Già quattro delle prime trenta borse al mondo per capitalizzazione, sono in bear market. Lo S&P500 verosimilmente ci entrerà formalmente stasera, già preceduto da Russell 2000 e Nasdaq. Magra consolazione, a venerdì sera 7 delle altre nove borse del G10 sovraperformavano gli Stati Uniti dal giorno delle elezioni presidenziali; tutte, dal giuramento del 20 gennaio scorso.
Dal punto di vista tecnico, si paga il mancato concretizzarsi anche soltanto di una correzione nell’arco dell’intero 2024: storicamente, un fosco presagio. Senza considerare i ripetuti episodi di Titanic Syndrome e l’attivazione del December Low Indicator, qui denunciati più volte, che hanno confermato la vulnerabilità del listino.

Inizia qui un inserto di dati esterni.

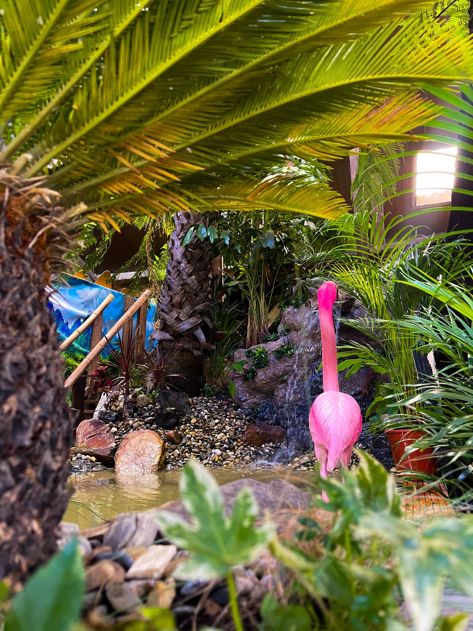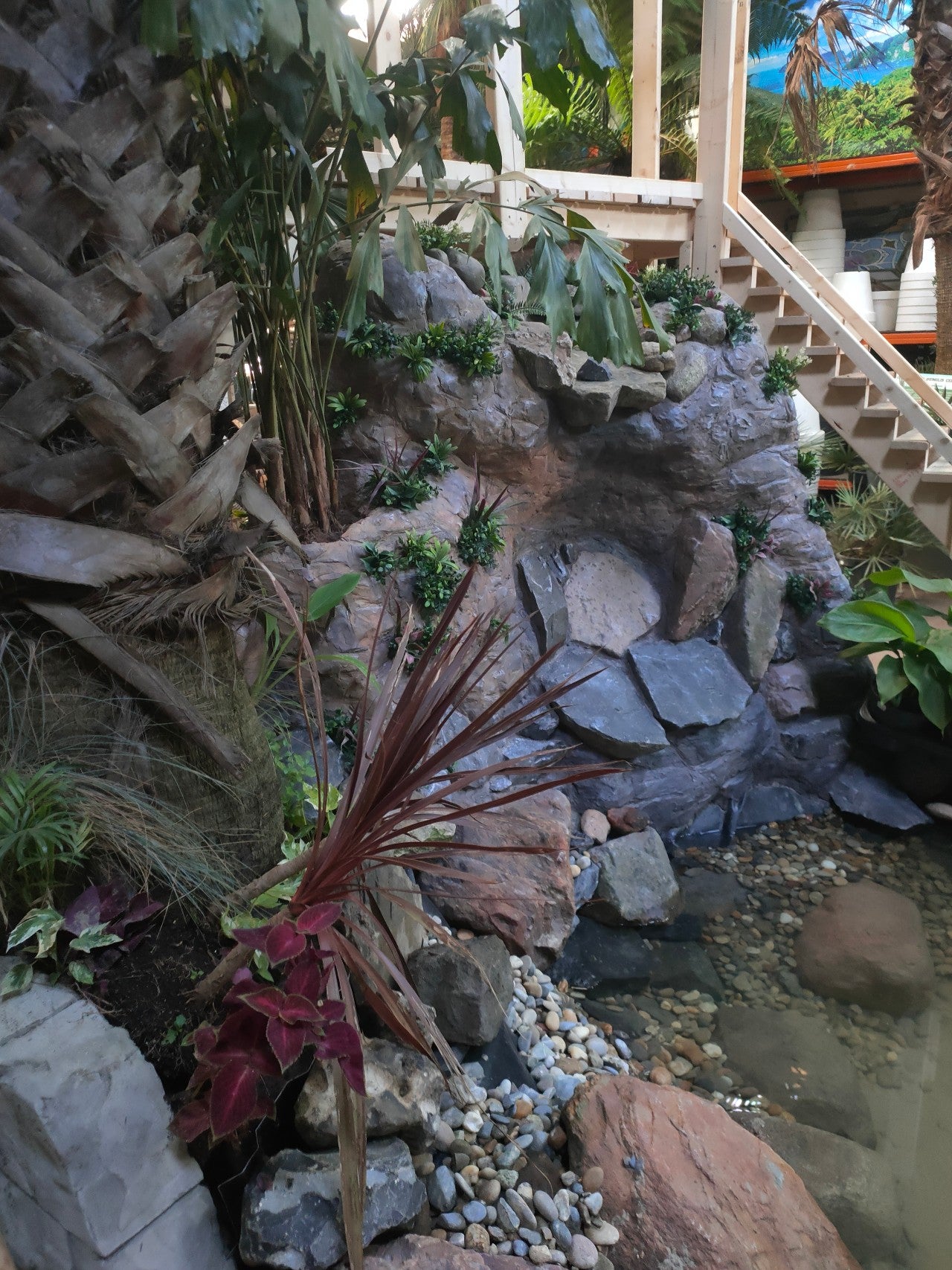 Für unsere Künstler ist das das Schönste, denn so können sie ihrer Kreativität freien Lauf lassen und ein Meisterwerk schaffen. Natürlich beschränken wir uns nicht nur auf unser sehr umfangreiches Sortiment an Dschungelpflanzen und Palmen, sondern haben uns auch auf (künstliche) Felsen, Teiche, Wasserfälle, Brunnen, Brücken und allerlei andere realistisch-natürlich wirkende Dekorationen und Einrichtungsgegenstände spezialisiert. Auch die Einrichtung von Auslaufzonen für Tiere ist möglich.

Se stasera Wall Street chiudesse sotto i 4915 punti, a 28 mesi sarebbe stato uno dei bull market più brevi della storia: pari a meno della metà della tipica durata. Cento punti più sotto passa il long stop trimestrale, che ha contenuto tutte le correzioni sperimentate dopo il minimo del 2009.

E venerdì inizia una complicata earnings season. Le attese sono per EPS in crescita del 6% rispetto ad un anno fa, rispetto al +11% proiettato ad inizio 2025: un downgrade sufficiente? Il consenso raccolto da Bloomberg parla di crescita del GDP reale a +1.9% adesso, dal picco proiettato del 2.3%: troppo poco, mentre JP Morgan aumenta le probabilità di recessione al 60%, e Goldman Sachs ora al 45%.
Certo le buste paga prodotte a marzo sono risultate una decisa sorpresa benigna. Ma questo rende meno urgente la prospettiva di un taglio dei tassi ufficiali, ed infatti Powell venerdì sera dichiarava che la Fed non ha fretta di intervenire. Pur tuttavia, sempre stando a Goldman Sachs, l’inasprimento delle condizioni finanziarie complessive, anche soltanto nei giorni passati, comporta un impatto sul PIL americano già di mezzo punto percentuale.